A key answer on the part of Republican presidential candidates has been the use of executive orders to strip as much of Obama’s law from the books as possible. Texas Gov. Rick Perry (at left) and others have endorsed an approach that would start with an executive order hitting the pause on implementation as a delaying tactic, then move to legislative repeal. Former Massachusetts Gov. Mitt Romney promises a “waiver” based approach – not a traditional use of the term “waiver,” but one he’d presumably have to create – that would give states temporary relief prior to a legislative effort. This might turn out to be more difficult than Romney maintains, at least according to some observers, given that these waivers would not take effect for a number of years.

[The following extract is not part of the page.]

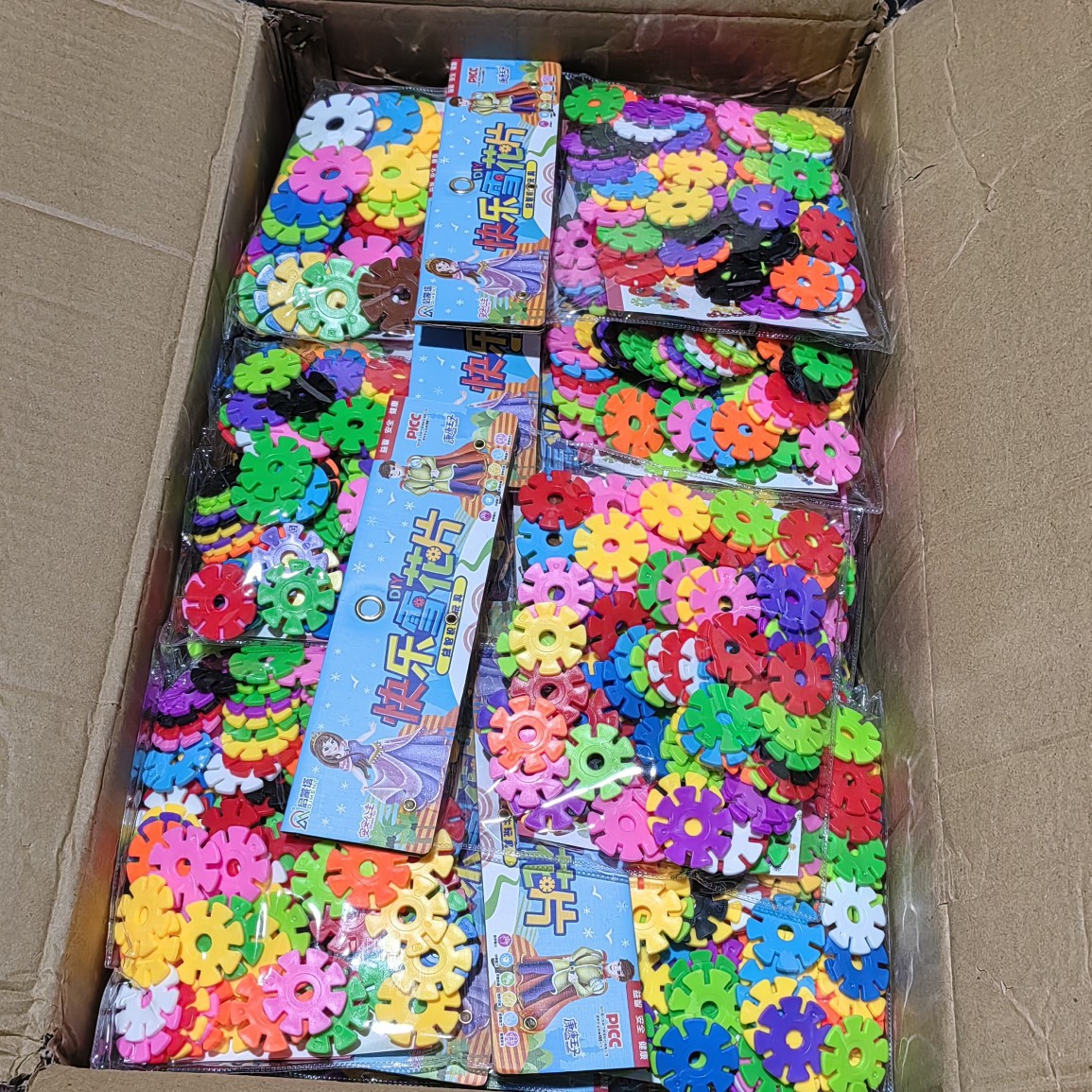既製品の雪花片積み木、子供用中型プラスチック製卓上玩具、幼稚園積み木玩具卸売

So Sen. Tom Coburn (R-OK) asked the Congressional Research Service to resolve the question of how much you could actually block via executive order, which they duly did in a memo released two weeks ago. It reads, in part:
“[A] president would not appear to be able to issue an executive order halting statutorily required programs or mandatory appropriations for a new grant or other program in PPACA, and there are a variety of different types of these programs. Such an executive order would likely conflict with an explicit congressional mandate and be viewed “incompatible with the express … will of Congress” … However, there may be instances where PPACA leaves discretion to the Secretary to take actions to implement a mandatory program, and … an executive order directing the Secretary to take particular actions may be analyzed as within or beyond the President’s powers to provide for the direction of the executive branch.”
But as Michael Cannon points out here, there’s a much easier way to gut Obamacare without running afoul of any strict views on Constitutional authority or running into the legislature: just say that the law as written means what it says in the one specific area of how subsidies are provided via the exchanges.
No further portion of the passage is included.